Your instructions: For the data that follows, print the line with "Nickel or black", the line with "null이나undefined가 아닌 에러", and all lines between them, exactly as they stand. Omit pictures and add nothing.

Dataset content:
——————
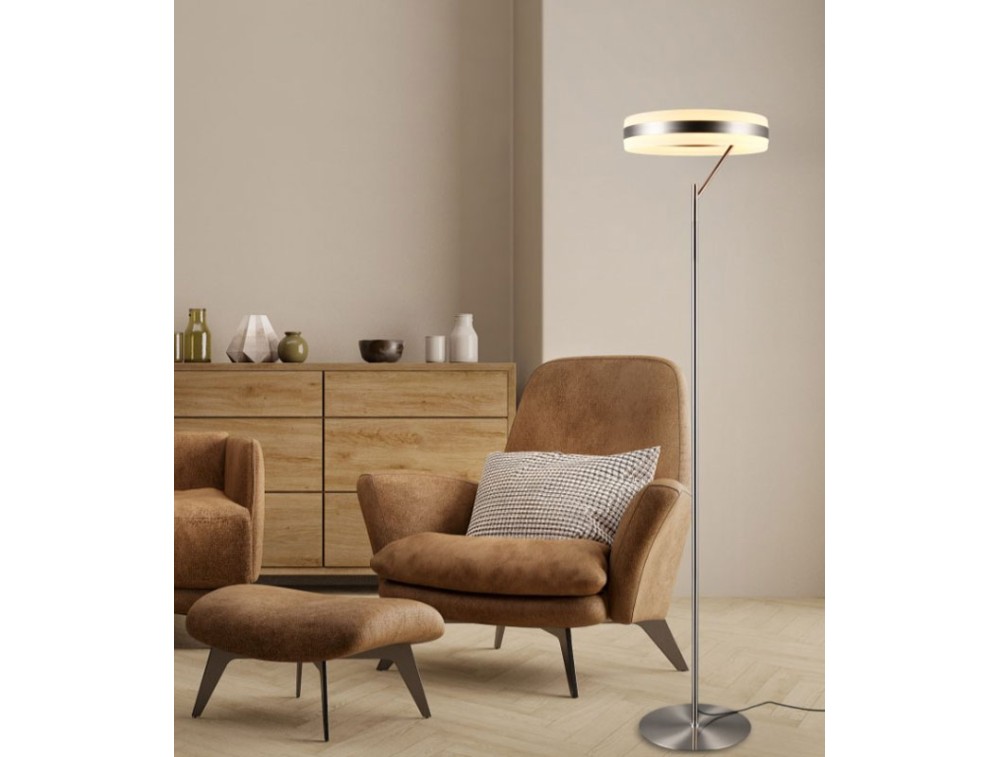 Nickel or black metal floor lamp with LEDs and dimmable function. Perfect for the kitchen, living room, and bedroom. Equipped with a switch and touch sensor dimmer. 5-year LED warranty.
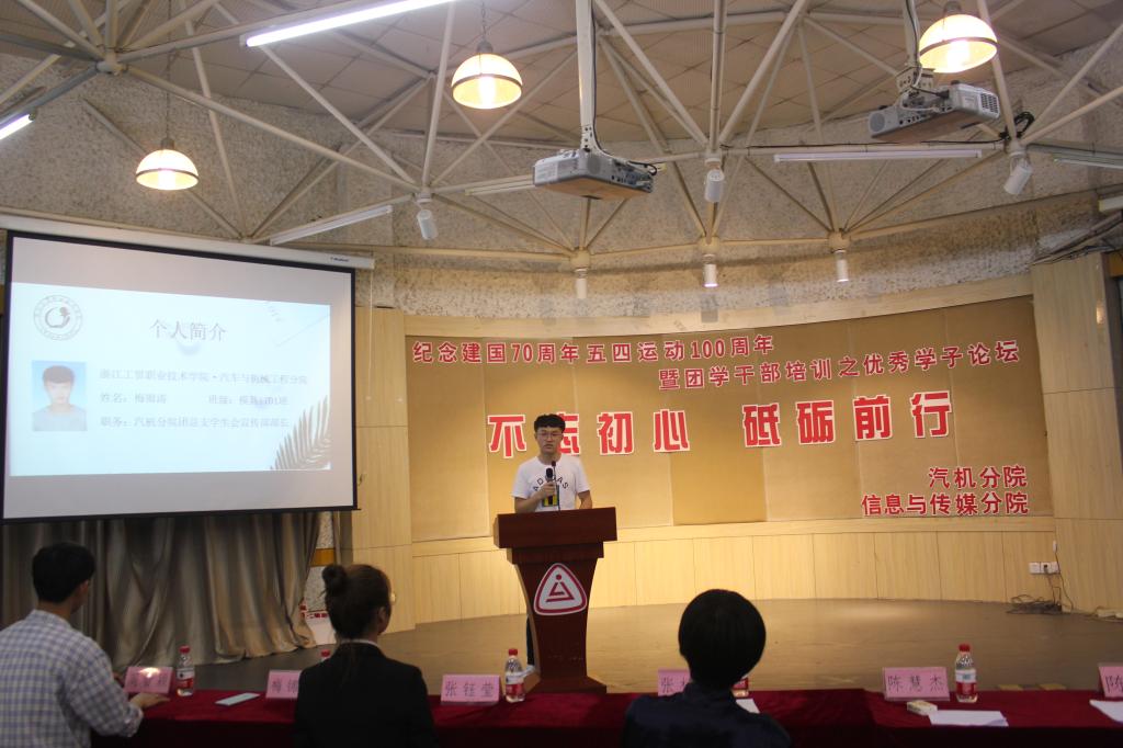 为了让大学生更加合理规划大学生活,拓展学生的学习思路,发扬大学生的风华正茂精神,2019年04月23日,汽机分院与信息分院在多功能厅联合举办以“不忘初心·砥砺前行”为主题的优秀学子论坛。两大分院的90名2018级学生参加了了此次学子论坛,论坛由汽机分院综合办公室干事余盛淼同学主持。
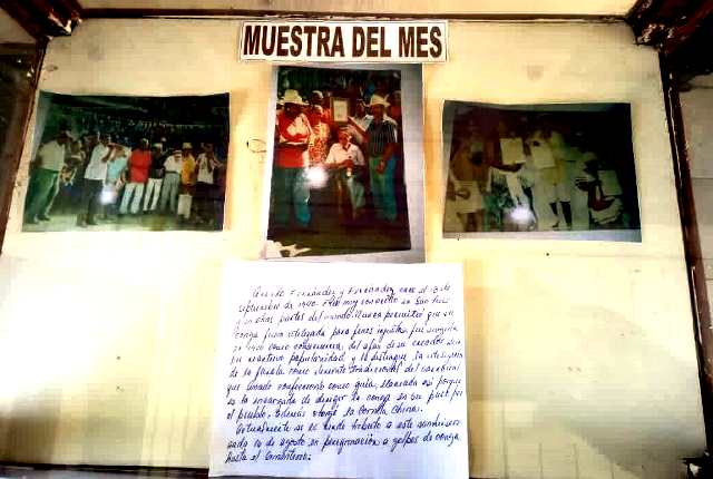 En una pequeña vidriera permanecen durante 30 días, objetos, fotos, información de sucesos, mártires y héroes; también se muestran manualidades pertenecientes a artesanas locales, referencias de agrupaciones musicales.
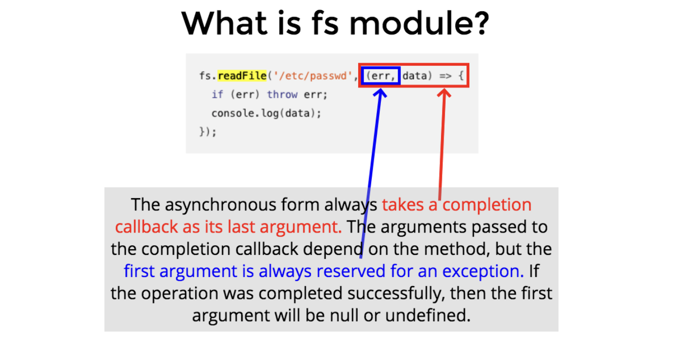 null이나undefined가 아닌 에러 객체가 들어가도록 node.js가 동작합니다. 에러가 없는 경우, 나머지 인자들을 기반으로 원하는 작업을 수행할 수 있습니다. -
——————
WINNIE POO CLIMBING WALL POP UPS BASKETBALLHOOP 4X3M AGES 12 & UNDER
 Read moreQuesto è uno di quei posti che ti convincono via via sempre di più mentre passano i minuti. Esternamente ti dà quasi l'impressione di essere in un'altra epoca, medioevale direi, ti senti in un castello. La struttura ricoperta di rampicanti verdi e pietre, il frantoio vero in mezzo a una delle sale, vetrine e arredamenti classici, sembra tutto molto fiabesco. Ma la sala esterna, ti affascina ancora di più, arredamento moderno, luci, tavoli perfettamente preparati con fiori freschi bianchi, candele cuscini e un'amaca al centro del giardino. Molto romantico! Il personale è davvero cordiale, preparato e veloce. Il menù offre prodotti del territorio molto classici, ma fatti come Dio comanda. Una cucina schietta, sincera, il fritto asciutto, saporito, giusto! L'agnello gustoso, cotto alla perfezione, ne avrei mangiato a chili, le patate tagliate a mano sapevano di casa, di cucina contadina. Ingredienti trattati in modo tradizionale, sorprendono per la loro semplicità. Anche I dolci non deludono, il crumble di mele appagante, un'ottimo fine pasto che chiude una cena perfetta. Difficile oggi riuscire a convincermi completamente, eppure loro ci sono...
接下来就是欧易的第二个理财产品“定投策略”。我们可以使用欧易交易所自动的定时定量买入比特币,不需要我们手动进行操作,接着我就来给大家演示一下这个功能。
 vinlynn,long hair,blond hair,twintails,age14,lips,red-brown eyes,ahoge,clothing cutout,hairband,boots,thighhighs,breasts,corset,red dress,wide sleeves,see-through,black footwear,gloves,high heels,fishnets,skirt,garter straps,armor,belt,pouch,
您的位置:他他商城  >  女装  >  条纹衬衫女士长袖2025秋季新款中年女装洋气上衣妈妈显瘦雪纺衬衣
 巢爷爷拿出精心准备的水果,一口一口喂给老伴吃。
——————
Solution to this task:
 Nickel or black metal floor lamp with LEDs and dimmable function. Perfect for the kitchen, living room, and bedroom. Equipped with a switch and touch sensor dimmer. 5-year LED warranty.
 为了让大学生更加合理规划大学生活,拓展学生的学习思路,发扬大学生的风华正茂精神,2019年04月23日,汽机分院与信息分院在多功能厅联合举办以“不忘初心·砥砺前行”为主题的优秀学子论坛。两大分院的90名2018级学生参加了了此次学子论坛,论坛由汽机分院综合办公室干事余盛淼同学主持。
 En una pequeña vidriera permanecen durante 30 días, objetos, fotos, información de sucesos, mártires y héroes; también se muestran manualidades pertenecientes a artesanas locales, referencias de agrupaciones musicales.
 null이나undefined가 아닌 에러 객체가 들어가도록 node.js가 동작합니다. 에러가 없는 경우, 나머지 인자들을 기반으로 원하는 작업을 수행할 수 있습니다. -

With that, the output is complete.